Petit Le Mans 2019: Bauarbeiten sind in vollem Gange

Von Oliver Müller
IMSA

Auf der Rennstrecke von Road Atlanta gibt es gerade große Umbaumaßnamen. So wurde der 48 Jahre alte Tower der Rennleitung abgerissen. Es entsteht ein neues Gebäude, welches mehr Platz und auch mehr Komfort bietet.

Die Rennstrecke von Road Atlanta zählt zu den großen Traditionsstätten im amerikanischen Motorsport. Dort wird beispielsweise seit 1998 das sogenannte 'Petit Le Mans' ausgetragen, welches seinerzeit eine neue Epoche im Sportwagen-Sport auslöste. Damals kaufte der in diesem Jahr verstorbene Don Panoz die Anlage im Nordosten von Atlanta und führte diverse Renovierungsarbeiten durch. Doch auch diese vor gut 20 Jahren vollzogenen Updates reichen heutzutage nicht mehr aus, um den Rennplatz in einem modernen Licht erscheinen zu lassen. Viele Bauten stammen noch von 1969/70, als die Strecke errichtet wurde.

Kult-Charakter hatte beispielsweise der große Tower der Rennleitung, der auch das Pressezentrum beherbergte. Bei Großveranstaltungen (wie dem Petit Le Mans) herrschte dort notorischer Platzmangel. Als Journalist fühlte man sich im Media Center teilweise so, als ob man sich im Sitzen mit den Knien die Ohren zuhalten konnte. Aber auch andere Bereiche des Gebäudes waren in die Jahre gekommen, sodass in diesem Sommer entschieden wurde, einen Nachfolgekomplex zu errichten.

Mittlerweile haben diverse Abrissbirnen den alten Bau dem Erboden gleichgemacht. Der Blick von den legendären Turns 11/12 geht aktuell aber nicht ins Leere, sondern in eine Baustelle. Denn für 2019 wird ein hochmodernes neues Haus errichtet. Dieses besteht aus einer Hospitality-Suite für 300 Personen im Erdgeschoss, einem neuen Pressezentrum mit Kommentatoren-Plätzen im ersten Stock und weiteren Suiten in den Etagen darüber. Auf dem Dach wird es zudem eine Terrasse mit einer Cateringküche für Spezialevents geben. Und natürlich sitzt auch die 'Race Control' wieder in dem Neubau.

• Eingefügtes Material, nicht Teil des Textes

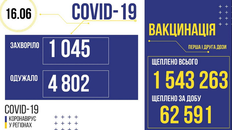 В Україні за добу одужали 4 802 людини. Захворіли – 1 045. Померли – 78. Загалом проведено 1 543 263 вакцинацій.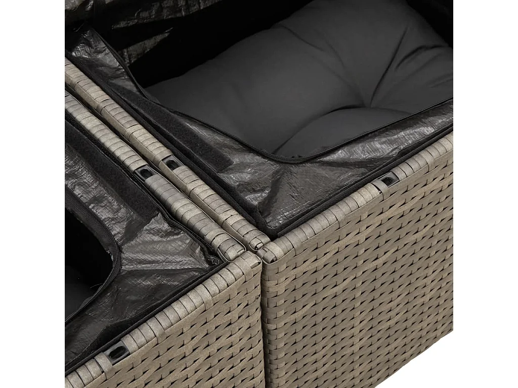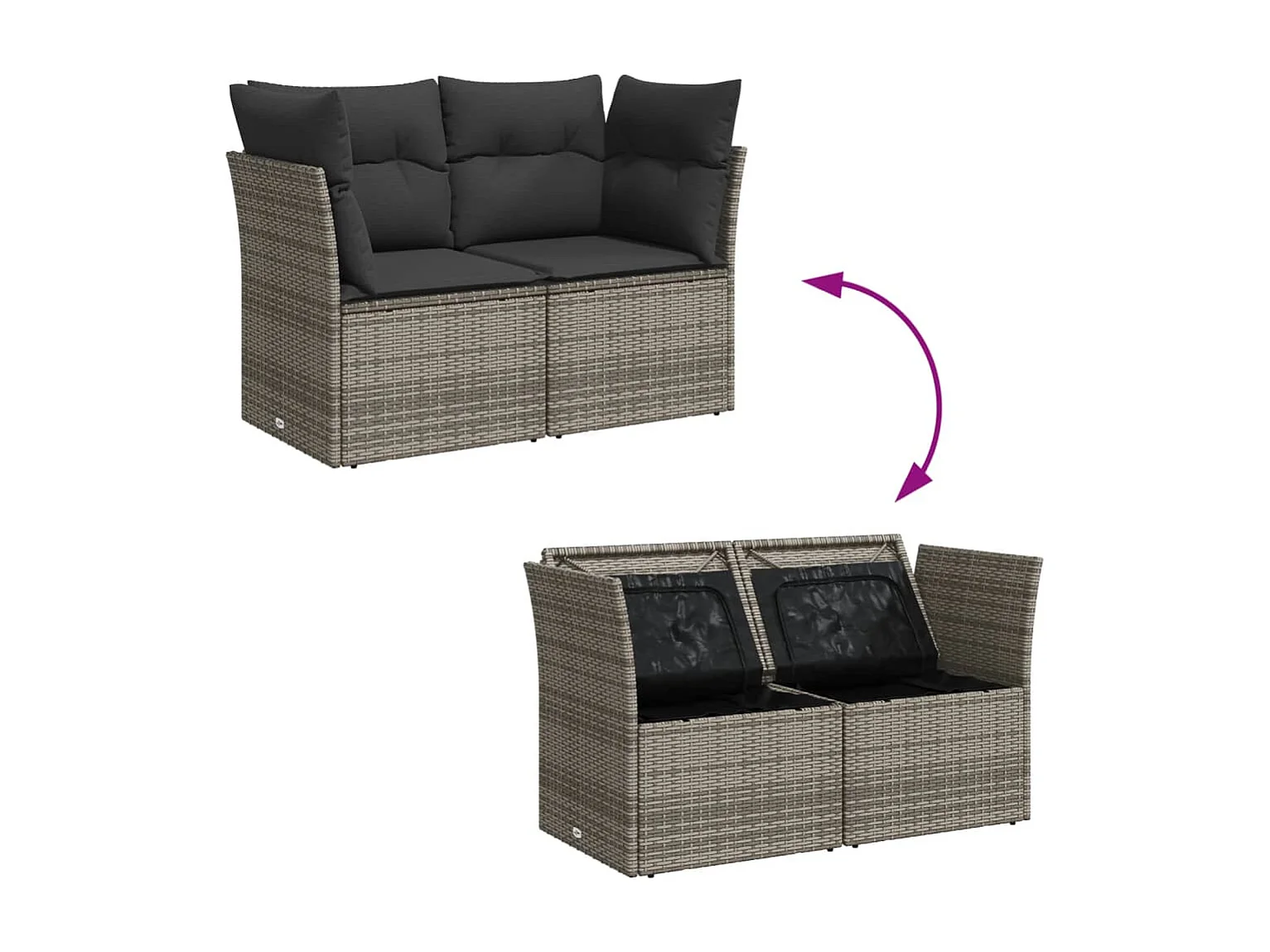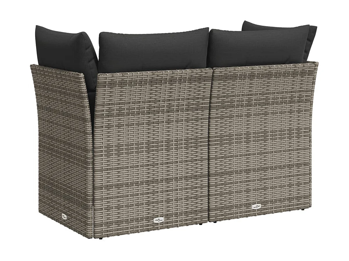 Canapé de jardin 2 places avec coussins gris résine tressée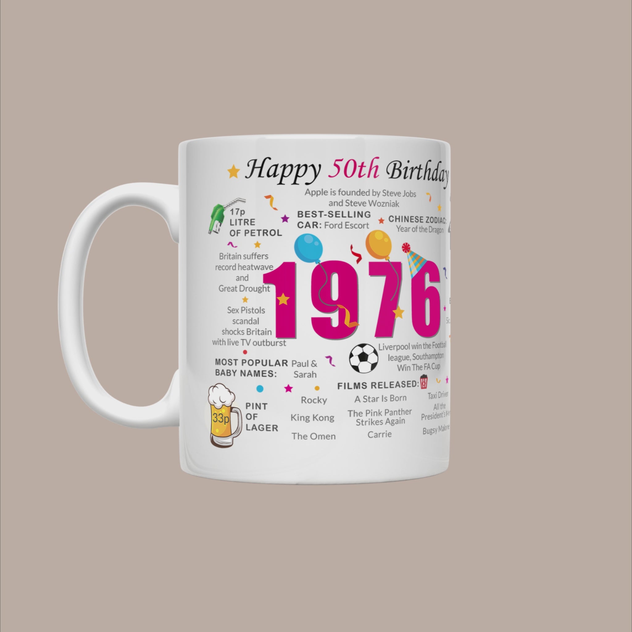 Introducing our 50th Birthday Mug 2026 β Born in 1976 Facts & Events! π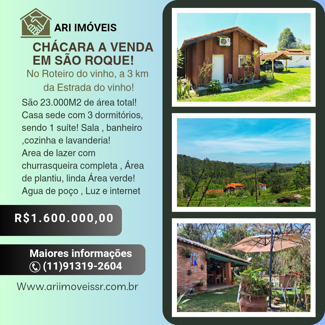CHÁCARA A VENDA EM SÃO ROQUE!!! 23.641 metros quadrados. Casa de 105 metros. quadrados. 3 quartos. 2 banheiros. Sendo 1 suíte. Galpão de 8m X 4m. Casa de caseiro. (Precisa reforma) Poço artesiano. 3 poços caipiras. Churrasqueira completa com banheiro. Área de plantiu com equipamentos de irrigação completo! Chácara inteira telada. Internet. TV a cabo. Ar condicionado.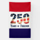 A vertical red‑white‑and‑blue layout centers a bold tribute to America’s 250 years. The number 250 is styled in a stars‑and‑stripes pattern, creating a striking focal point against the clean white band. The phrase Years of Freedom completes the design, giving it a celebratory, commemorative feel that blends simplicity, pride, and national heritage.
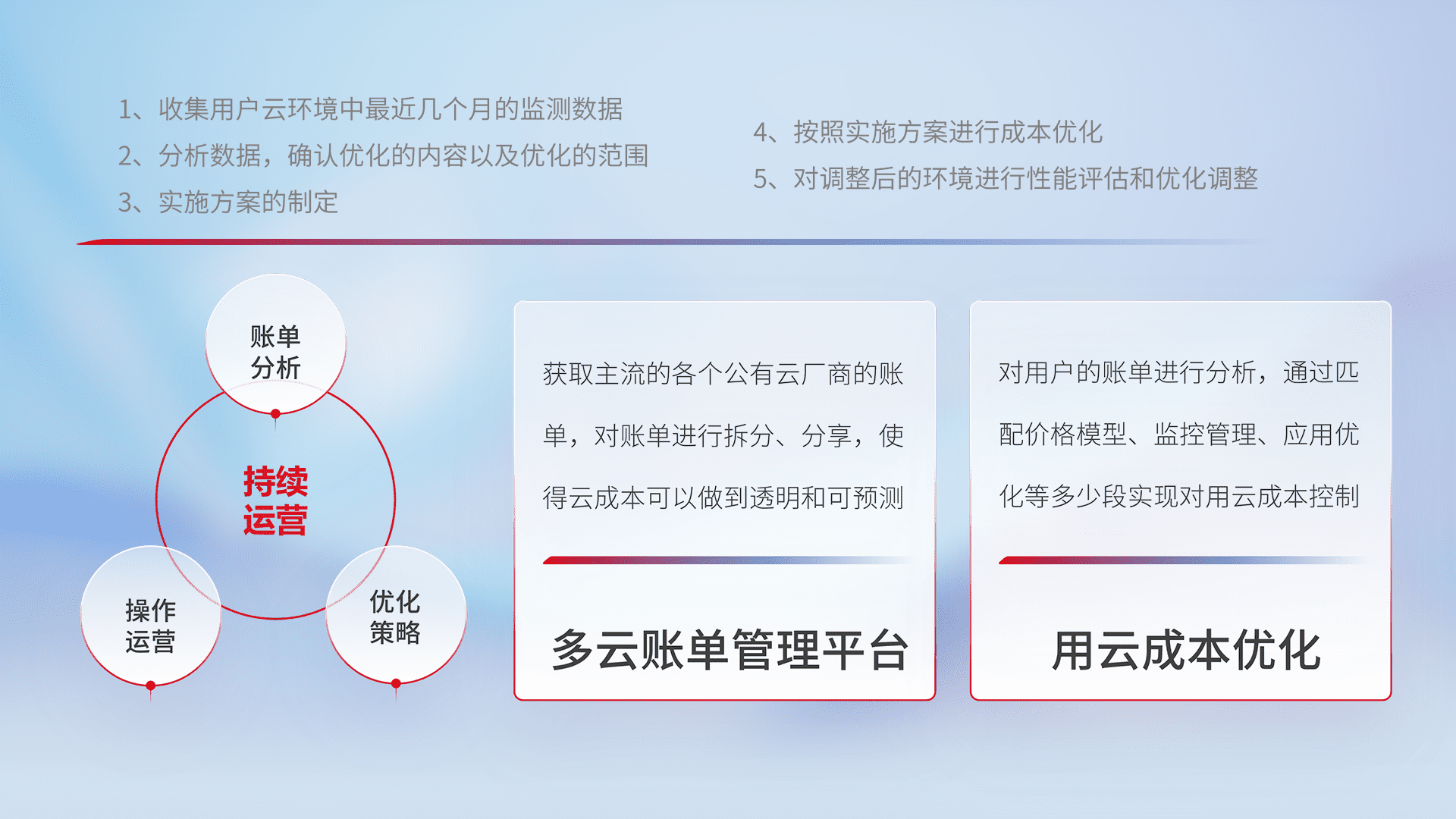运用智能化工具分析云资源,,,提供日常费用可视化工具,,,自动账单拆分,,,,成本优化云上费用,,,降本增效。。。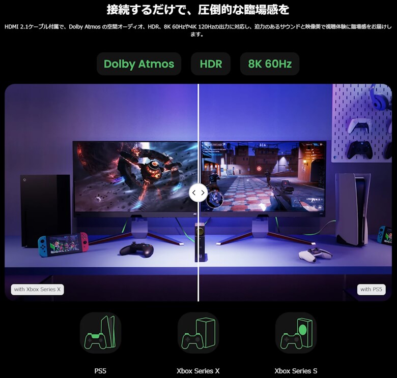 Dolby AtmosやHDR、8K 60Hz出力に対応しているので迫力あるサウンドと映像美を体感できます。

Tatsächlich haben die Maßnahmen auch das Interesse aus der lokal ansässigen Industrie geweckt. So wird das Gebäude ab 2019 den Namen 'Michelin Tower' tragen. Der französische Reifengigant hat sich darüber hinaus ab dem kommenden Jahr auch gleich noch die Namensrechte an der kompletten Rennstrecke gesichert, die dann 'Michelin Raceway Road Atlanta' heißen wird. Es ist übrigens das erste Mal in der Michelin-Geschichte, dass ein solcher Schritt vollzogen wurde. Michelin hat gut 150 Kilometer nordöstlich seinen nordamerikanischen Hauptsitz in Greenville (Bundesstaat South Carolina).

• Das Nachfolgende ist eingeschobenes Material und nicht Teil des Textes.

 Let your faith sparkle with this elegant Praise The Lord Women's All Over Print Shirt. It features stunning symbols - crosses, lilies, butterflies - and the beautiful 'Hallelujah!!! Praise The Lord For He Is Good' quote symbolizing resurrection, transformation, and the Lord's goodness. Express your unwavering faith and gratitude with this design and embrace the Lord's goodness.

Wenn am 12. Oktober die 2019er Ausgabe des großen Petit Le Mans ansteht, wird sich das Erscheinungsbild der Strecke von Road Atlanta also grundlegend geändert haben. Die Umbauten betreffen jedoch nicht das Layout des 4,088 Kilometer langen Kurses. Der bleibt so wie er ist – und das ist auch gut so.